Phonon cooling of nanomechanical beams with tunnel junctions

TL;DR

This paper reports the first demonstration of electronic cooling of 1D phonon modes in suspended nanowires using NIS tunnel junctions, achieving simultaneous electron and phonon cooling to sub-50 mK temperatures.

Contribution

It introduces a novel method for cooling phonons in nanomechanical beams via tunnel junctions and compares its effectiveness with non-suspended devices.

Findings

Achieved cooling of phonons and electrons to 42 mK.

Enhanced cooling performance in suspended nanowires.

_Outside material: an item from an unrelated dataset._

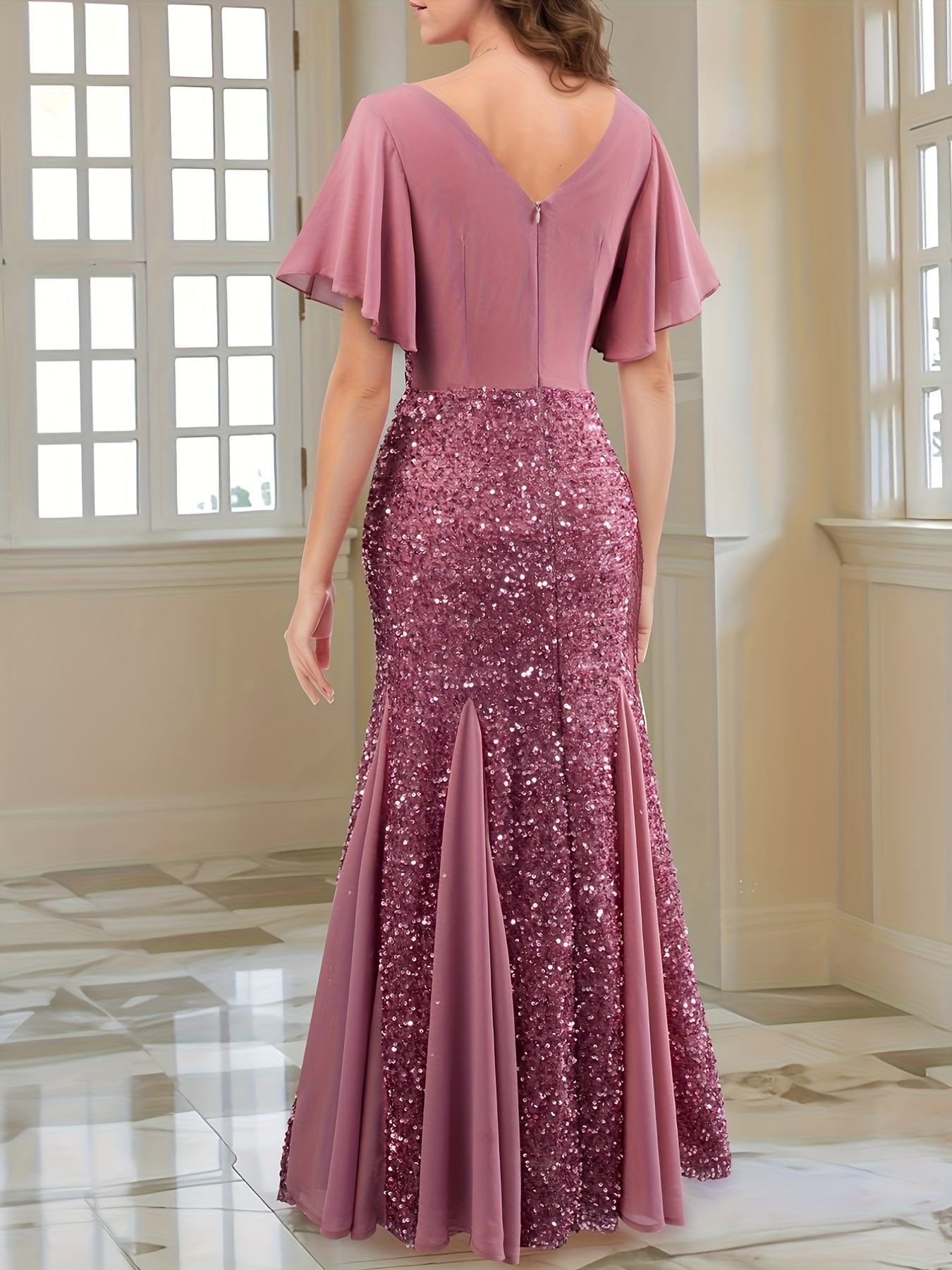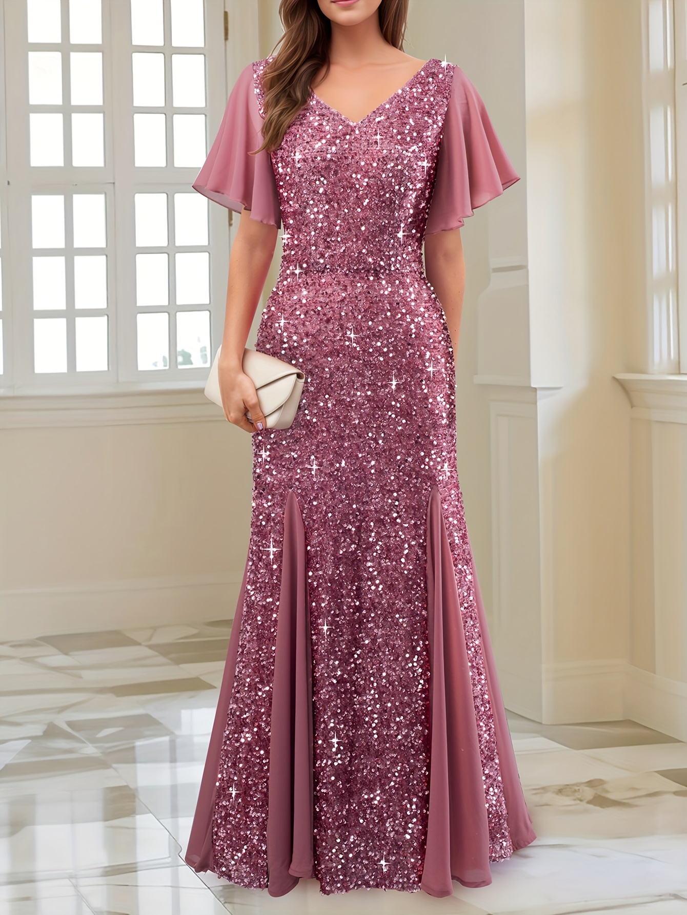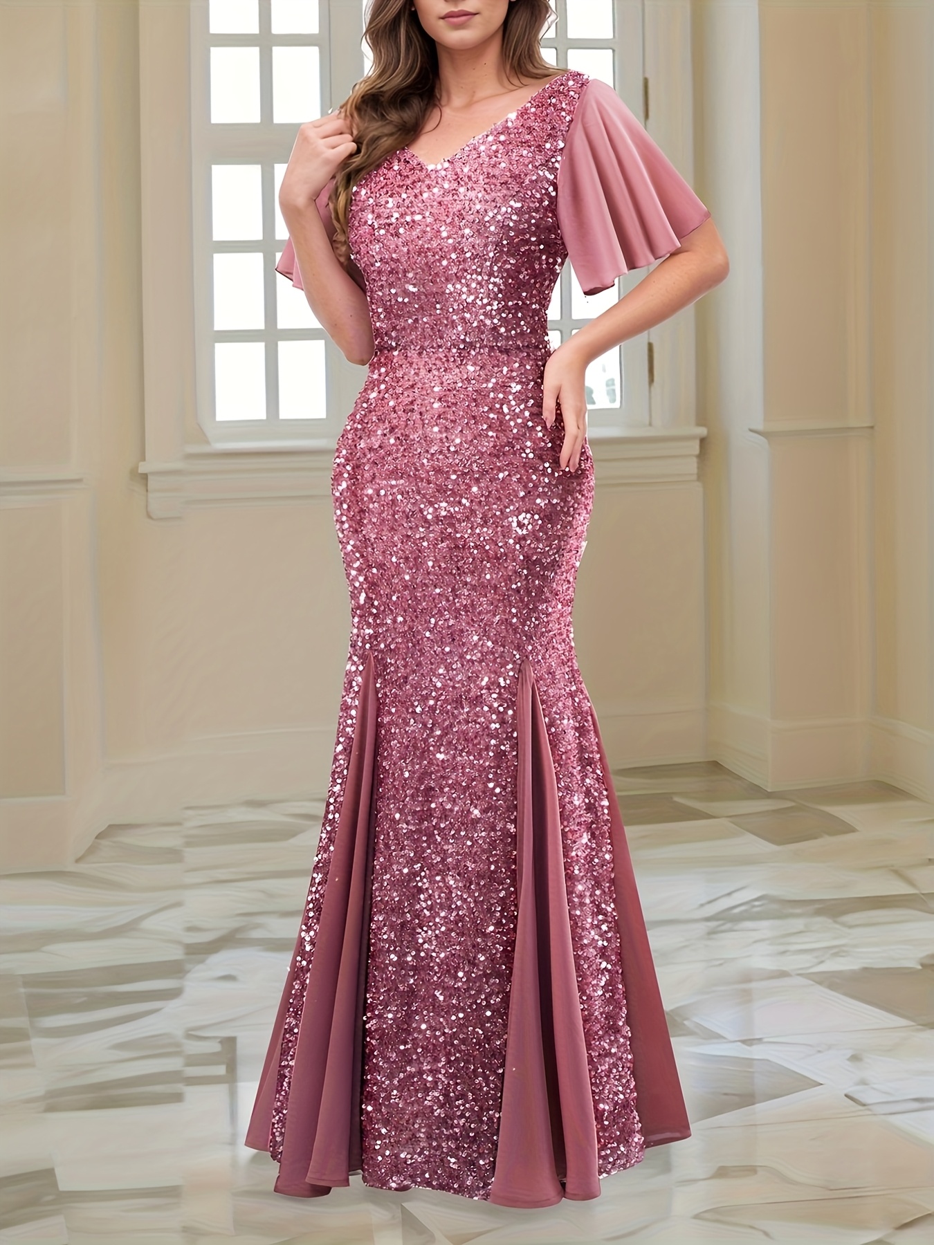 Elegant Pink Sequin Gown for Women - V-Neck, Short Sleeves, Flowing Skirt, Perfect for Parties and Formal Events, Formal Evening Wear | Vneck Gown | Sequin Embellishments, Dress

Thermal transport limited by ballistic phonon scattering.

Abstract

We demonstrate electronic cooling of 1D phonon modes in suspended nanowires for the first time, using normal metal--insulator--superconductor (NIS) tunnel junctions. Simultaneous cooling of both electrons and phonons to a common temperature was achieved. In comparison with non-suspended devices, better cooling performance is achieved in the whole operating range of bath temperatures between 0.1-0.7 K. The observed low-temperature thermal transport characteristics are consistent with scattering of ballistic phonons at the nanowire-bulk contact as being the mechanism limiting thermal transport. At the lowest bath temperature of the experiment $\sim$ 100 mK, both phonons and electrons in the beam were cooled down to 42 mK, which is below the refrigerator bath temperature.